Woods Petroleum Corporation v. Department Of Interior

47 F.3d 1032, 1995 U.S. App. LEXIS 2592
CourtCourt of Appeals for the Tenth Circuit
DecidedFebruary 9, 1995
Docket92-6053
StatusPublished

This text of 47 F.3d 1032 (Woods Petroleum Corporation v. Department Of Interior) is published on Counsel Stack Legal Research, covering Court of Appeals for the Tenth Circuit primary law. Counsel Stack provides free access to over 12 million legal documents including statutes, case law, regulations, and constitutions.

Bluebook
Woods Petroleum Corporation v. Department Of Interior, 47 F.3d 1032, 1995 U.S. App. LEXIS 2592 (10th Cir. 1995).

Opinion

47 F.3d 1032

WOODS PETROLEUM CORPORATION; Raytex Resources Incorporated;
Midcon Central Exploration Company; Mustang
Production Company, Plaintiffs-Appellants,
v.
DEPARTMENT OF INTERIOR; Bureau of Indian Affairs; Timothy
Nibs; Wisdom A. Nibs, Jr.; Reginald R. Nibs; Ronald Leroy
Nibs; Elaine Shirley Nibs Mayes; D'Ann Nibs; Lowell Nibs;
Theodore Raymond Nibs; Wisdom Nibs, Sr.; Brenda Tonips
Nibs; Michael Nibs; Leroy Stoneroad; Victor Stoneroad;
Solomon Stoneroad; Eleanor Joy Stoneroad; Joe Hicks; Anna
B. Twins Spottedwolf; Patrick B. Spottedwolf; Lucian M.
Twins; Joyce M. Twins; Minita Twins Runningwater; Wesley
Robert Twins; Lucinda Amelia Sweetwater; Mariam Mann
Twins; McClain H. Twins, Jr.; Marion M. Twins; Michael
Wayne Twins; Tomlinson Properties, Inc., Defendants-Appellees.

No. 92-6053.

United States Court of Appeals,
Tenth Circuit.

Feb. 9, 1995.

Donald L. Kahl of Hall, Estill, Hardwick, Gable, Golden & Nelson, P.C., Tulsa, OK (Orval E. Jones, with him on the brief), for plaintiffs-appellants.

David C. Shilton, U.S. Dept. of Justice, Washington, DC (Lois J. Schiffer and Roger Clegg, Acting Asst.

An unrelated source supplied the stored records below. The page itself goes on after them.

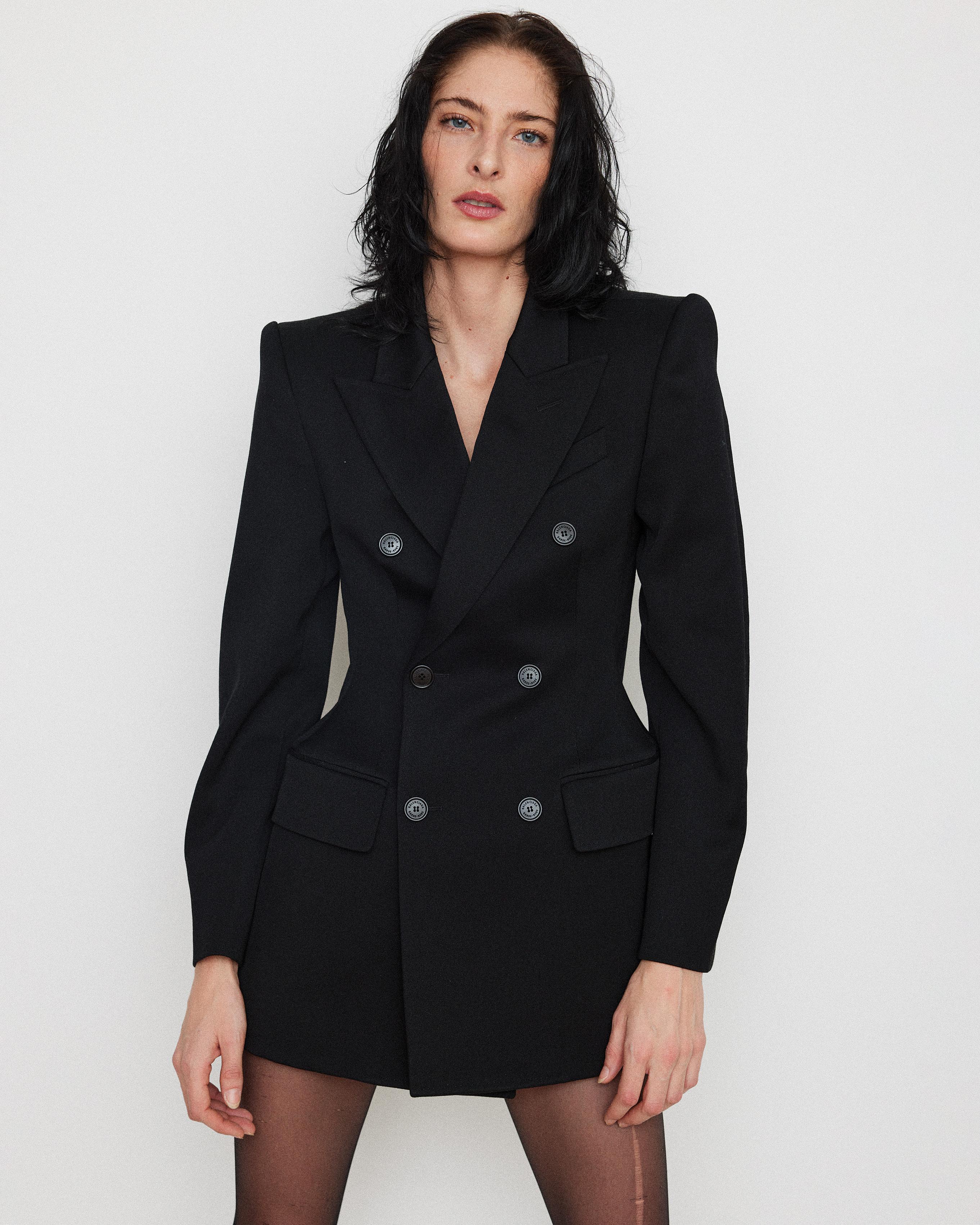 Amber Valetta, in Balenciaga, at the Balenciaga show in Paris
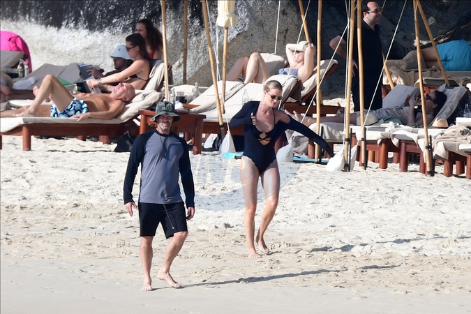 Exclusif - Prix spécial - No Web - Exclusif - Prix spécial - No Web - Jason Statham et sa compagne Rosie Huntington-Whiteley s'essaient à la planche volante ou foil électrique lors de leurs vacances à Phuket, Thaïlande le 2 janvier 2024. Exclusive - For Germany call for price - No web - Jason Statham and his partner Rosie Huntington-Whiteley try out an electric hoverboard or foil during their vacation in Phuket, Thailand on January 2, 2024.
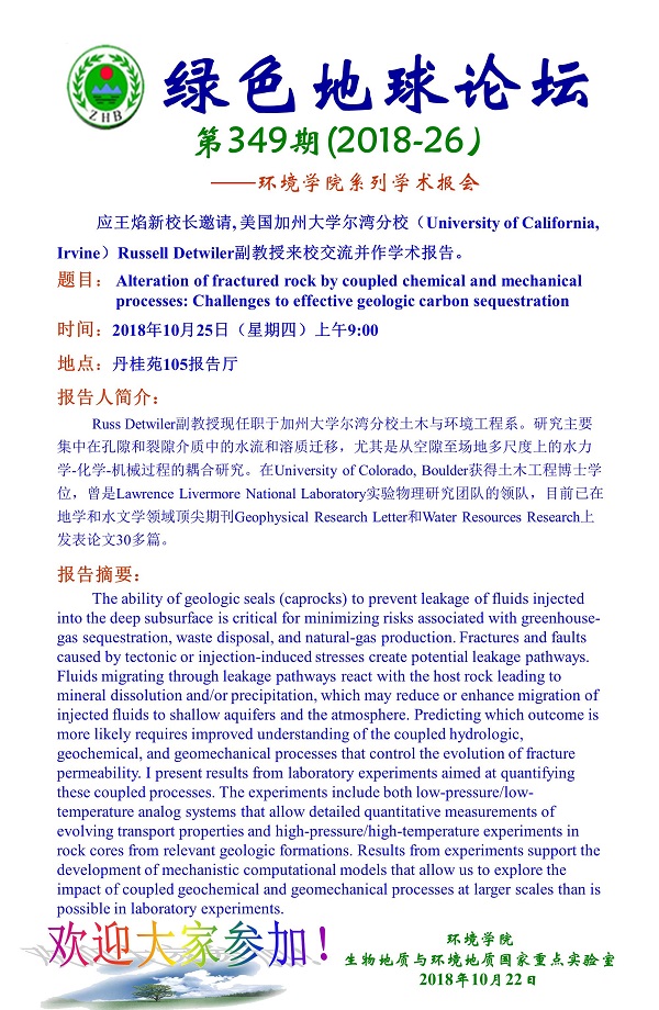 绿色地球论坛第349期(2018-26) ——18小说 系列学术报告会 题目:Alteration of fractured rock by coupled chemical and mechanical processes: Challenges to effective geologic carbon sequestration 时间:2018年10月25日(周四)上午9:00 地点:丹桂苑105报告厅
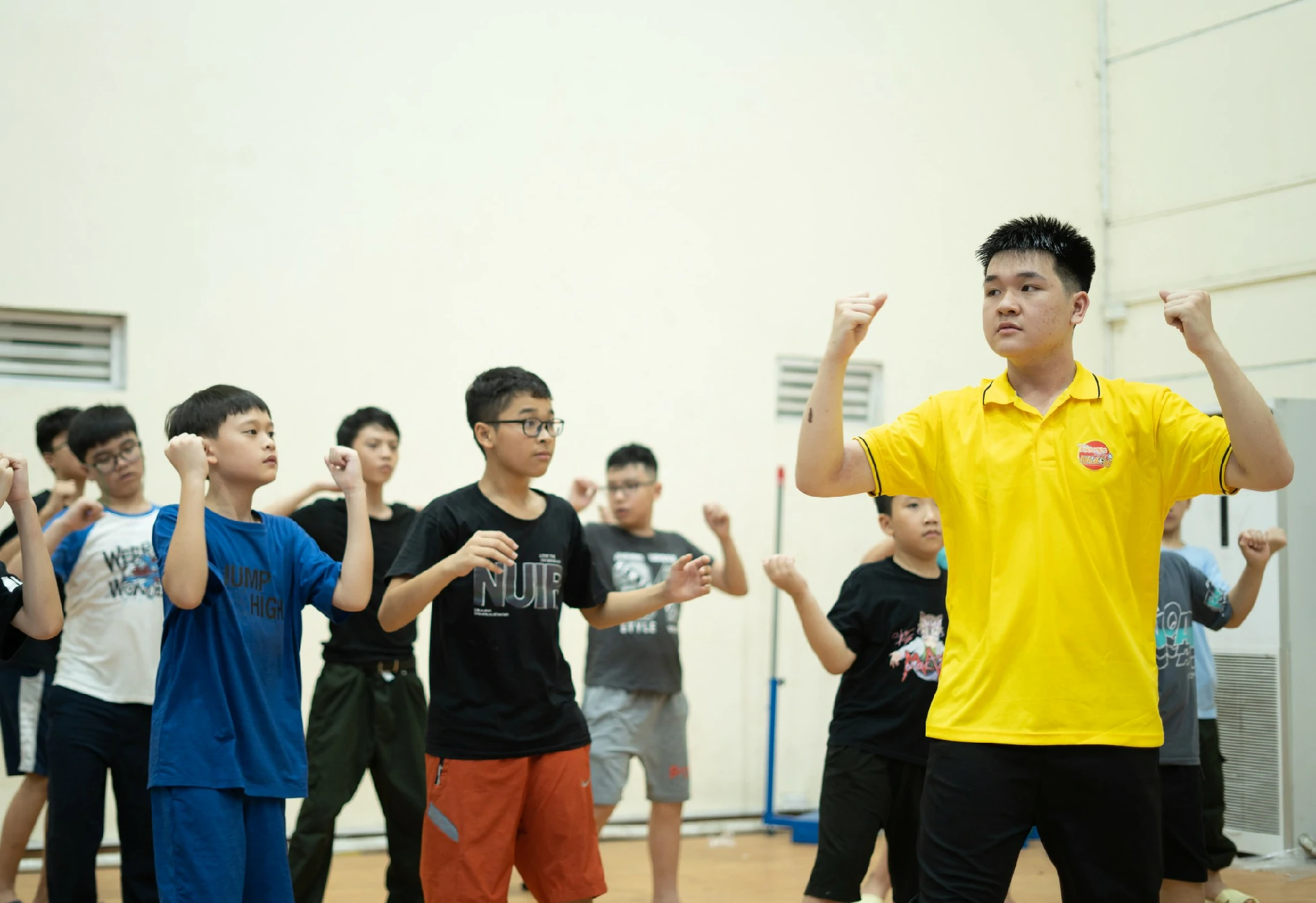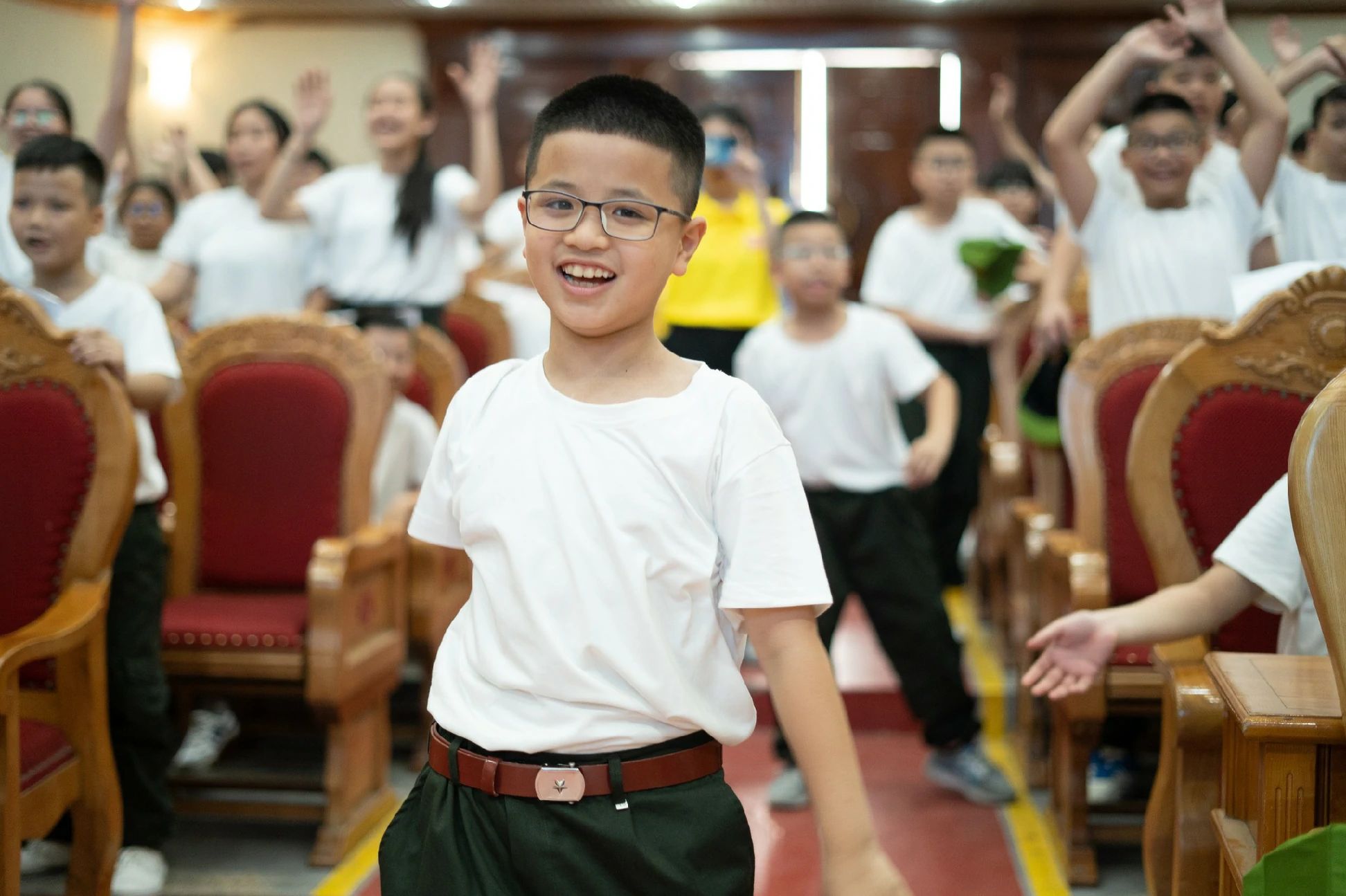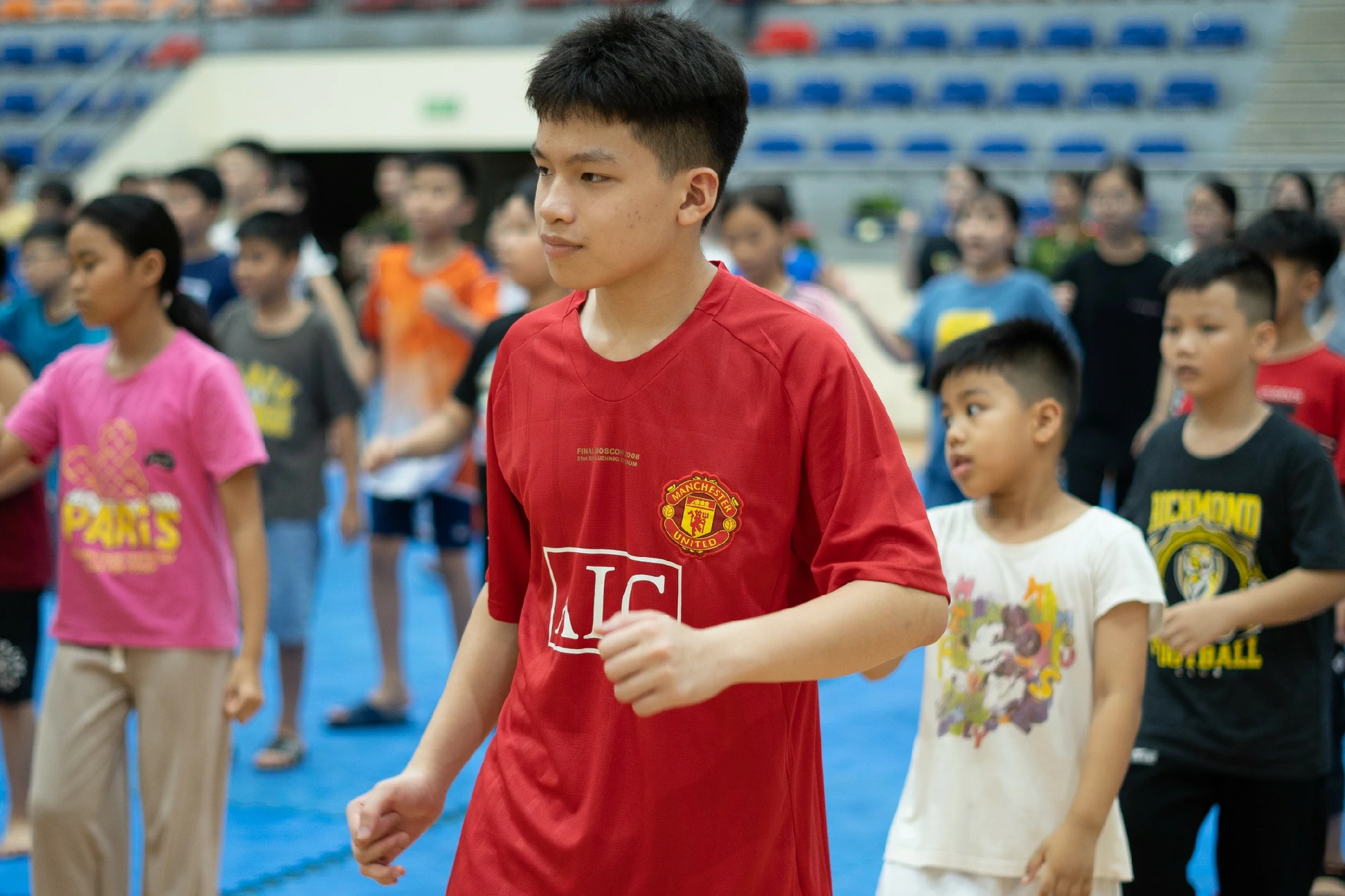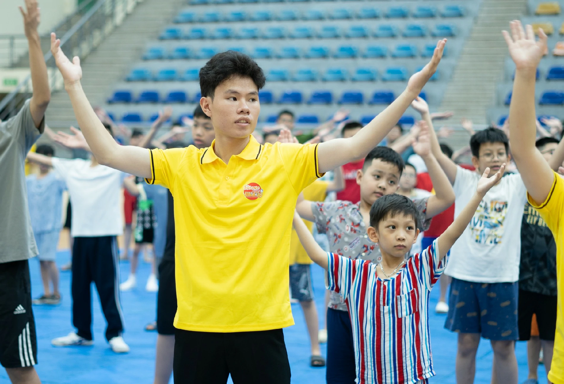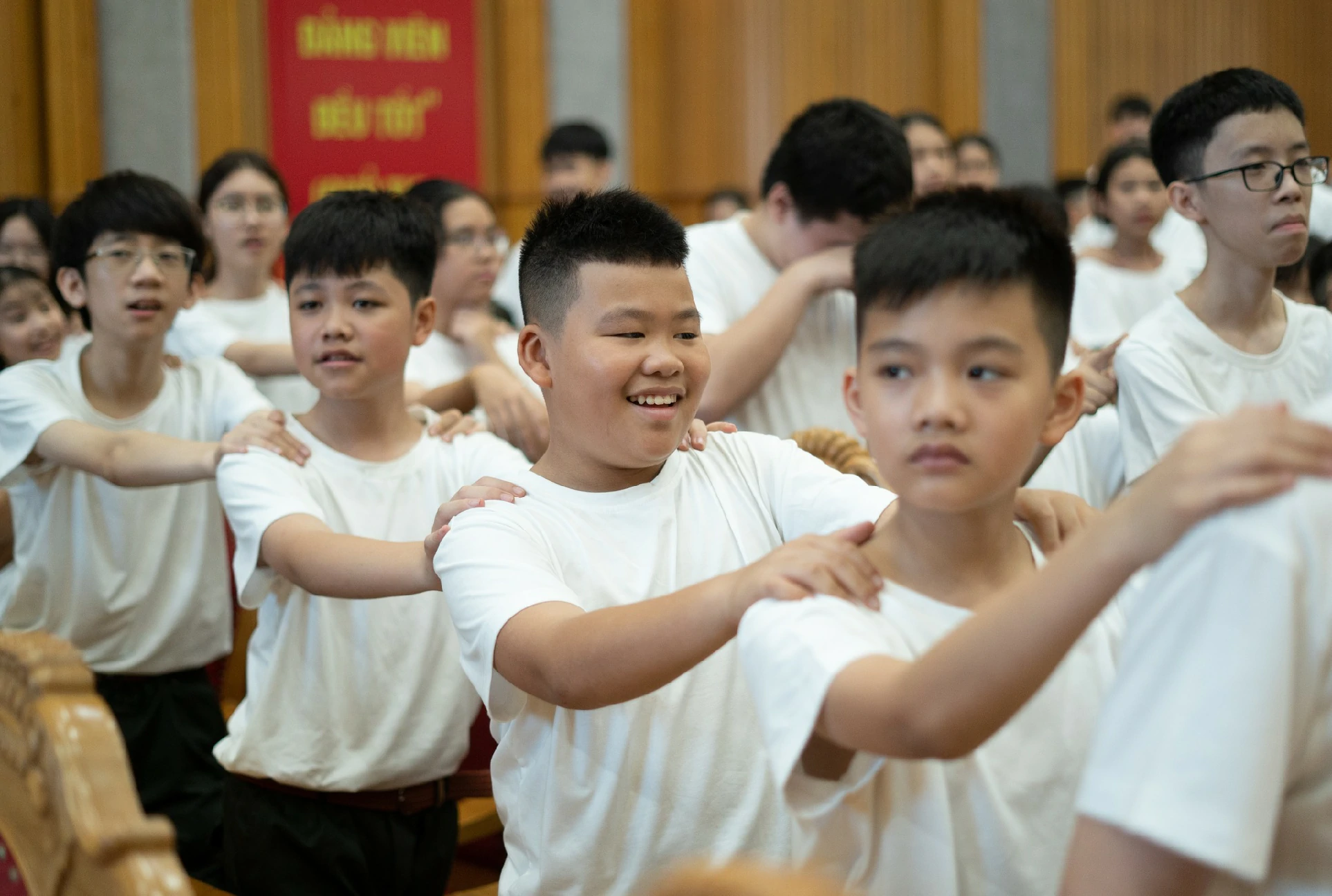 au khi ăn sáng, các chiến sĩ công an nhí bắt đầu sinh hoạt tiểu đội rồi di chuyển về hội trường Trần Đức Trường để đến với chuyên đề: ” Kỹ năng sử dụng Internet an toàn và thông minh” ![]()

Attys. Gen., Gerald S. Fish, Dirk Snel and Robert L. Klarquist, U.S. Dept. of Justice, and Timothy D. Leonard, U.S. Atty. and M. Kent Anderson, Asst. U.S. Atty., Oklahoma City, OK, with him on the brief), for defendants-appellees U.S. Dept. of Interior and Bureau of Indian Affairs.

Steven L. Barghols and Jay C. Jimerson of Mock, Schwabe, Waldo, Elder, Reeves & Bryant, Oklahoma City, OK, on the brief, for defendant-appellee Tomlinson Properties, Inc.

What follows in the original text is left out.